The devices are designed to be connected to the CAN bus in a MITM (Man In The Middle) setup, by intercepting the CAN communication between the instrument cluster and the rest of the car. The circuits are quite simple. By identifying the main components and following the PCB traces I reversed the schematics. At the first look there are some trivial differences in the HW design and in the components used, but the main structure is identical. Both boards use the STM32F105 (STM32F105RBT6 to be precise) general purpose microcontroller. Its notable features are: 32 bit ARM Coretex-M3 core, 128k flash, 64k SRAM, Serial Wire Debug (SWD) and JTAG interfaces, 2x CAN interfaces. There are solder jumper pads connected to the MCU’s GPIOs (PC10, PC11, PC12 and PA15) for device configuration, 2 CAN transceivers to drive the physical CAN bus, and 2 LDOs providing regulated 3.3V for the MCU and 5V for the CAN transceivers. Config selector solder jumpers, when shorted, are actually pulling the given GPIOs to ground. As there is no additional resistor connected to these pins, the GPIOs should be configured to input, with internal pull-ups. This means that their default read value is logic high until the solder jumper config does not pull them down to ground. The only meaningful difference between the two boards is that the #green CAN filter device exposes serial programming connections (PA9/USART1_TX, PA10/USART1_RX together with BOOT0 boot mode selector), while the #blue CAN filter board exposes the SWD debug interface (PA13/SWDIO, PA14/SWCLK and BOOT0 pins) on the unpopulated pin headers. Note that the #green CAN filter also exposes the SWD connections, but on small test points only.
Obvious next step is to connect to the debug and programming interfaces to try to download the firmware. Normally, this should not be possible, because with basically zero effort the debug access could be easily disabled, and firmware readout could be also prevented. Important to mention that we are talking about a general purpose microcontroller, which is not supposed to be resilient against advanced HW hacking attacks, that can be used to bypass the applied protections. Nevertheless, using the device provided security features is the bare minimum to raise the bar for the attackers.
With unrestricted access to low level debug interfaces, such as JTAG or SWD, one could take full control over the device, such as stopping and altering the code execution, accessing memory and registers, or even dumping the firmware. There are circumstances, where debug access is possible, but its features and memory access are limited. For example, flash dumping is not possible, so this should be always tested according to the given device’s security features.

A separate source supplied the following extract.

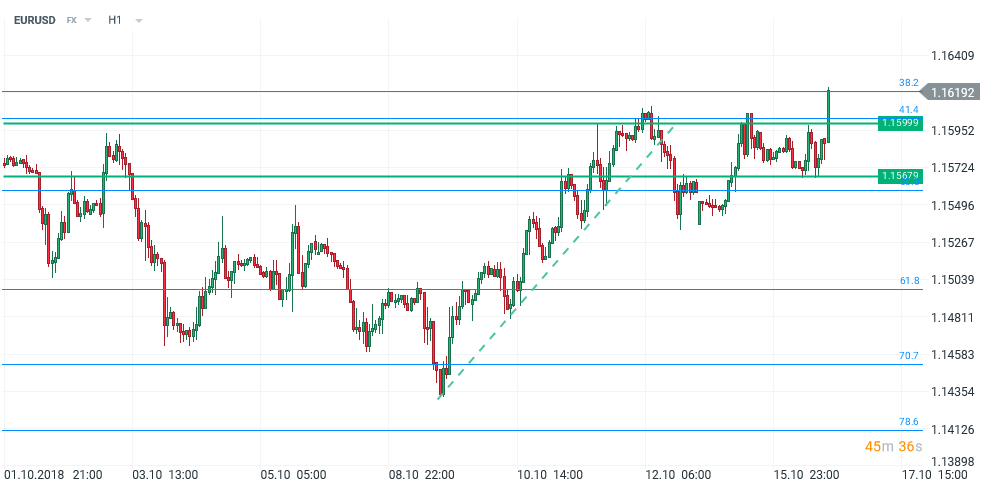 În zona Euro, surplusul comercial a crescut la 16.6 mld. EUR, de la 12.6 mld. luna trecută. Vestea bună (surplusul de cont curent este un semnal de forță, fiind un element pozitiv pentru EUR, deși, într-o perspectivă mai largă, poate însemna dificultăți în discuțiile comerciale cu SUA) nu a susținut EURUSD. Indicele realizat de ZEW apărut tot la ora 12 a frânat la -24.7 puncte pentru Germania și la -19.4 pentru zona Euro. Sondajul a reliefat o scădere a încrederii investitorilor instituționali și analiștilor la minimul din iulie, valorile fiind regăsite anterior abia în august 2012. Un declin de peste 14 puncte este foarte adânc, ZEW remarcând faptul că o astfel de erodare abruptă s-a mai petrecut doar o dată în istoria recentă, după votul de separare de UE al Marii Britanii. După ora 16, însă, veștile despre o eventuală acțiune a Senatului SUA în problema jurnalistului dispărut la Istanbul au dus la spargerea reperului 1.16. Planul geopolitic pare a-l domina în continuare pe cel macroeconomic.

For this test, I flashed the Black Magic Probe firmware (JTAG/SWD debugging tool, with built-in GDB server) to my custom HW hacking interface and connected it to the exposed SWD connections (PA13/SWDIO, PA14/SWCLK) on the #blue CAN filter. After powering on the environment just couple of steps were needed:
With ‘arm-none-eabi-gdb’ (architecture specific GNU debugger) I connected to the Black Magic Probe remote GDB server
With ‘swdp_scan’ available device was checked on the SWD interface
After attaching to the identified target device, access to registers and memory were checked
Then a simple ‘dump memory binary’ command targeting 0x08000000 address (where the flash memory is mapped, see memory mapping from datasheet) was executed
Voila, the firmware was dumped. Surprisingly, the “vendor” did not make any effort to lock down the MCU. Access was not restricted neither to the debug interface nor to the flash memory. I was surprised and to be honest, disappointed a bit.”